In 59 Am.Jur.2d, Parties § 91, at page 478, we find this language:

"Contribution to expenses. It often has been determined by the courts that unnamed parties who benefit from a class action must contribute to the expenses of the proceedings, including the fee for the attorney for the named parties. In a class action to recover a money judgment, all of the costs and expenses of litigation which are not assessed against the losing defendant should be borne by the members of the plaintiff class in proportion to the amount that each would receive by reason of the judgment."

Annotated under § 91 of 59 Am.Jur.2d, Parties, Note 6, at page 478, is the case of Gamboni v. County of Otoe, 159 Neb. 417, 67 N.W.2d 489 (1954), wherein landowners brought an action in their own names and on behalf of all those similarly situated to enjoin assessments on their property because such assessments were unlawfully increased. The landowners were successful in their venture and the Nebraska Supreme Court held, with respect to attorney's fees owed by the unnamed members of the class, in paragraphs 15 and 16 of the syllabus of Gamboni, supra, 67 N.W.2d at 493:

"15. Where one has gone into a court of equity, and, taking the risk of litigation on himself, has created or preserved or protected a fund in which others are entitled to share, such others will be required to contribute their share to the reasonable costs and expenses of the litigation, including reasonable fees to the litigant's counsel. "16. This rule is based on the theory that all in a class benefited should contribute to the expense, their share thus being necessarily entirely dependent upon the success of the litigation."

See 38 A.L.R.3d 1384.

In addition, in Lindy Bros. Builders, Inc. of Philadelphia v. American Radiator & Standard Sanitary Corporation, 341 F. Supp. 1077, 1082 (D.C.E.D.Pa.1972), it was stated that:

"Where the efforts of a claimant and his attorneys have produced a fund to be divided among all members of a particular class, it has been recognized first, that the claimant as the representative of the class is authorized to contract for all and to incur proper expenses of litigation, and secondly, that the property produced by the efforts of such plaintiff and his attorney should bear the burden of the expense of the attorney's services so that each member of the class who benefits will contribute his due proportion."

From the cited authority on attorney's fees in class actions, we believe the district court's order in the instant case allowing attorney's fees to be paid at the rate of 25 percent of the adjusted compensation payable to North Dakota veterans who become entitled to the payment by reason of the judgment rendered by that court was proper. We also agree with that part of the order which allowed for a 331/3 percent deduction from the payable compensation in the event of an appeal to this court.

The Appellants also object to that portion of the court's order allowing attorney's fees that authorized the North Dakota *733 State Legislature to appropriate funds to pay the attorney for the class in the case at bar. In the first place, we believe that the Legislature could have amended the Vietnam Conflict Veterans' Adjusted Compensation Act to provide for the payment of attorneys' fees to those who challenged the Act.

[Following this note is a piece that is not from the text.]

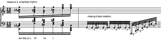 As an aside, the 12/32 time signature could throw a diligent music student for a loop. The music appears to have three beats in each measure; that is, each beat ought to add up to an 8th note (a quaver, for you Brits out there). Each of the three beats ought to contain the value of four 32nds (demisemiquavers!) in order to add up to 12. Though a modern reader might expect this to be a compound meter with 4 beats of three 32nds, it clearly is not. Trouble is, if you read the notation literally each beat of measure 3 is five 32nds in the upper staff, totaling fifteen, while the lower part of the same measure has 18 of them. The next measure doesn't work out either. It's because Beethoven has not included the triplet indications that would be necessary to make the beats come out even. That's no wonder; all those triplets would be very busy visually, and the guy was writing with a goose feather. It's something to keep in mind, though, if you want a computer to play this correctly. The solution is that 32nds followed by 32nds are as written; a 32nd followed by a 64th is really a triplet. Do that, and all is well. |
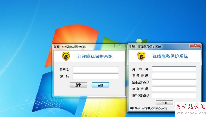 1、首先下載安裝好PS文件透明加密軟件-紅線隱私保護系統,下載安裝就不做詳細描述了,基本操作步驟點下去就可以了。如圖一所示。安裝好后桌面會有紅線的圖標,點擊圖標進入軟件,然后就是第一次注冊,注冊賬號密碼需要記住好,服務密碼一定要牢記。

However, the order challenged was issued while the 1973 Legislative Session was in progress and since the Legislature did nothing about it, we believe that the question is moot.

The orders are affirmed in part, the judgment is reversed, and the case is remanded to the district court for further proceedings not inconsistent with this opinion.

ERICKSTAD, C. J., and TEIGEN, VOGEL and KNUDSON, JJ., concur.

VOGEL, J., not being a member of the Court at the time of submission of this case participated on the briefs filed.